The Echizen trip can be combined easily with a visit to Kanazawa 50 km further up the coast. This route can be recommended because there is a bikepath called the Kaga Kaigan Jitensha-do that starts almost as soon as the road returns to the coast again, near the city of Komatsu, and goes nearly all the way to Kanazawa, a distance of 32.6 kilometers. (If you'd rather cycle just the bikepath itself, take the train from Awara Onsen to Terai, nine stops up the coast. From this station, the bikepath is only a few blocks to seaward, and one can follow it virtually all the way to Kanazawa.) Note that you will have to spend 20-30 minutes biking from the coast where the bike path ends into the center of Kanazawa, since that's the nearest train station.


The city of Kanazawa has much to offer, including quiet traditional streets and Kenrokuen (shown here), one of the three most famous parks in Japan. The city is also not far from the Japan Alps - a route from here goes straight to Shirakawa-go, a World Heritage site and a village with many steeple-roofed houses preserved (and many are minshuku so you can actually spend the night in one). Routes to Shirakawa will be featured on this site in the future.




Kanazawa is also the starting point for the annual Tour du Noto, a 3-day ride in September in which hundreds of riders cycle around the Noto Peninsula to the north. This ride is NOT for beginners, as the distances are considerable; at 170-odd kilometers, the second day alone is more than a Century Ride! I did it twice years ago before the fees became outrageous (at last count it was a whopping 30,000 yen JUST to participate, not including accommodations or transport to and from Kanazawa). Still, it’s a unique experience and would be fun to do once. For more information, see the Noto route on this site.

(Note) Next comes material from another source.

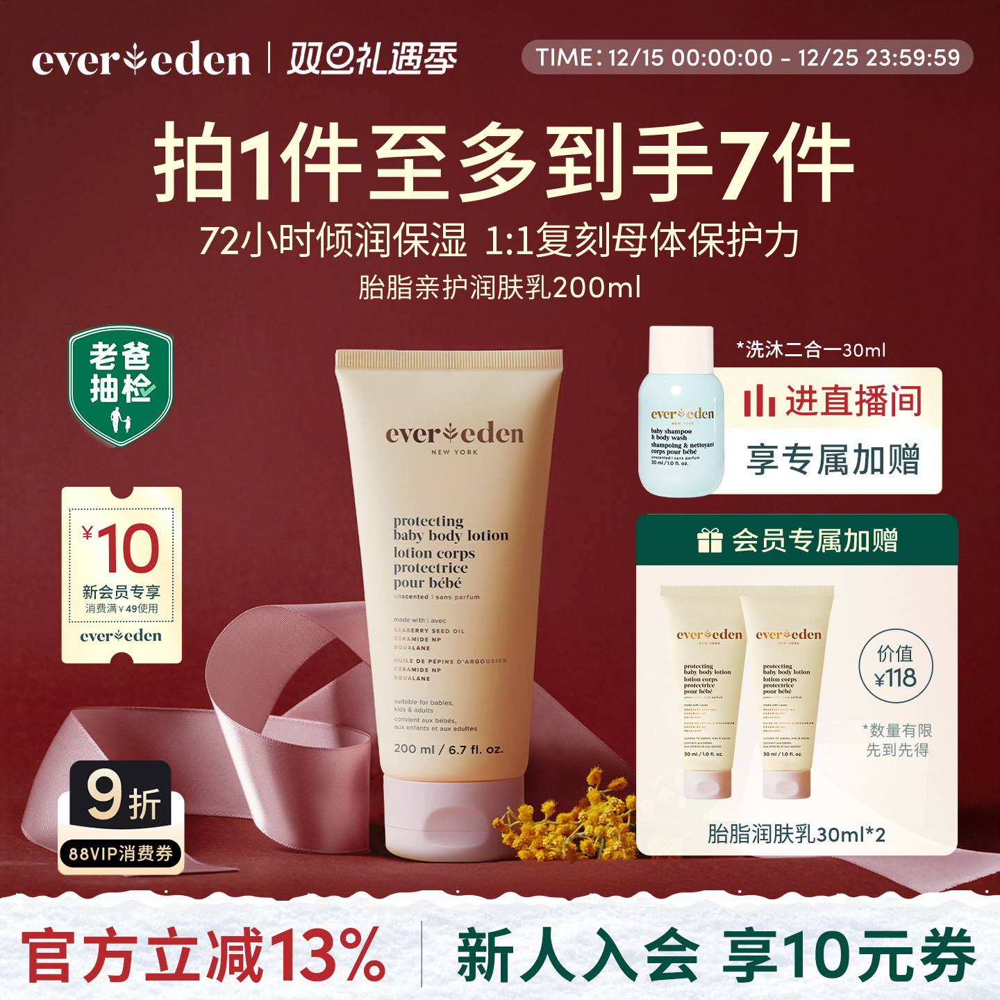 Evereden安唯伊新生儿宝宝秋冬滋润超保湿胎脂身体乳润肤乳200ml

If you don't feel like riding all the way to Kanazawa, you might just head to Fukui and then cycle to the Eiheiji temple located about 20 kilometers to the east. The roads are not crowded and there is reportedly a bicycle path from the city of Fukui (but I haven't been able to find it yet). Eiheiji is a monastery complex built in 1244 by Dogen of the Zen Soto sect. It is now the center for Zen meditation in Japan. Hundreds of priests live here year-round; if you want to participate, they'll reportedly let you stay there for up to a week - but the minimum stay is two nights, and you must rise before 4 a.m., meditate and eat the traditional shojin-ryori (monk's fare). A local private railway runs from the temple all the way back into Fukui, so if you're bushed you can train back the whole way.